- WORK ORDER
Where does the string "table" appear in the records? Copy every line that contains it.
- Opening Delimiter -
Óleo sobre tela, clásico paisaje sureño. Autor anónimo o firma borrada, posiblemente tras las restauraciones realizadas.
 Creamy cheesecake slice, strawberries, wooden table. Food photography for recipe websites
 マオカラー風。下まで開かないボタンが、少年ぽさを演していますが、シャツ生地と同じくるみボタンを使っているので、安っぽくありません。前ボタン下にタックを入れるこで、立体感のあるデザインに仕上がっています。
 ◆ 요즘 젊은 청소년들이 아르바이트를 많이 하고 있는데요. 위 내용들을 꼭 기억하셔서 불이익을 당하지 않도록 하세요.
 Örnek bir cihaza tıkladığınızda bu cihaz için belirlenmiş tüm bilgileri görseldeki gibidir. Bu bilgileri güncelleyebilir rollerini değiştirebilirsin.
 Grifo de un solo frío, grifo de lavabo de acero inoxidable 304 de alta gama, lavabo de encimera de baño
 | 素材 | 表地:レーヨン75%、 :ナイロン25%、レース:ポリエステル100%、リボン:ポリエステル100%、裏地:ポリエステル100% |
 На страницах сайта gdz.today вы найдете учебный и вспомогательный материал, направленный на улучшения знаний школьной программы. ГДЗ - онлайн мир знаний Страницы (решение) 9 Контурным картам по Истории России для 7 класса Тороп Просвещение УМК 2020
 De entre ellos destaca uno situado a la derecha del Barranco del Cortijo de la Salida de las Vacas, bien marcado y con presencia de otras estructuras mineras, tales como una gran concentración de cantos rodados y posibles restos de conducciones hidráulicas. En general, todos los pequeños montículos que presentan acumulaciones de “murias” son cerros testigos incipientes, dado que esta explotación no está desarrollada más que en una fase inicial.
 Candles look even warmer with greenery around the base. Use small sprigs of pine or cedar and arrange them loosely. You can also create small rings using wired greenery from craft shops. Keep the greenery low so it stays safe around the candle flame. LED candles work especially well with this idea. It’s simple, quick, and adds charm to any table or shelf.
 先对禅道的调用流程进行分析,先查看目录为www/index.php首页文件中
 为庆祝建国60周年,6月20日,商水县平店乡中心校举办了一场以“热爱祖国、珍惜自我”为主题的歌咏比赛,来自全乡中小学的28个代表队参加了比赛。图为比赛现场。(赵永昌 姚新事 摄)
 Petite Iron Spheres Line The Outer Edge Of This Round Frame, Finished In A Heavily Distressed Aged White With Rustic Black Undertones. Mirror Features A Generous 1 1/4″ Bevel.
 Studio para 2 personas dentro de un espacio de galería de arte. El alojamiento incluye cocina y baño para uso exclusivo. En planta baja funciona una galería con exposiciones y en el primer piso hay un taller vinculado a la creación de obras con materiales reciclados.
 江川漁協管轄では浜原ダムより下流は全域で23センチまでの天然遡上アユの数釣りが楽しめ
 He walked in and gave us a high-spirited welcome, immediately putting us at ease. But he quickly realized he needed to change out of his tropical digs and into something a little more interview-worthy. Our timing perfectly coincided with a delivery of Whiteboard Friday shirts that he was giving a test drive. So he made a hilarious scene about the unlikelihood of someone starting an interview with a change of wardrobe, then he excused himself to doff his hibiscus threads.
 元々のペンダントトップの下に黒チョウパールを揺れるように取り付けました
- Closing Delimiter -
- EXPECTED ANSWER
 Creamy cheesecake slice, strawberries, wooden table. Food photography for recipe websites
 Candles look even warmer with greenery around the base. Use small sprigs of pine or cedar and arrange them loosely. You can also create small rings using wired greenery from craft shops. Keep the greenery low so it stays safe around the candle flame. LED candles work especially well with this idea. It’s simple, quick, and adds charm to any table or shelf.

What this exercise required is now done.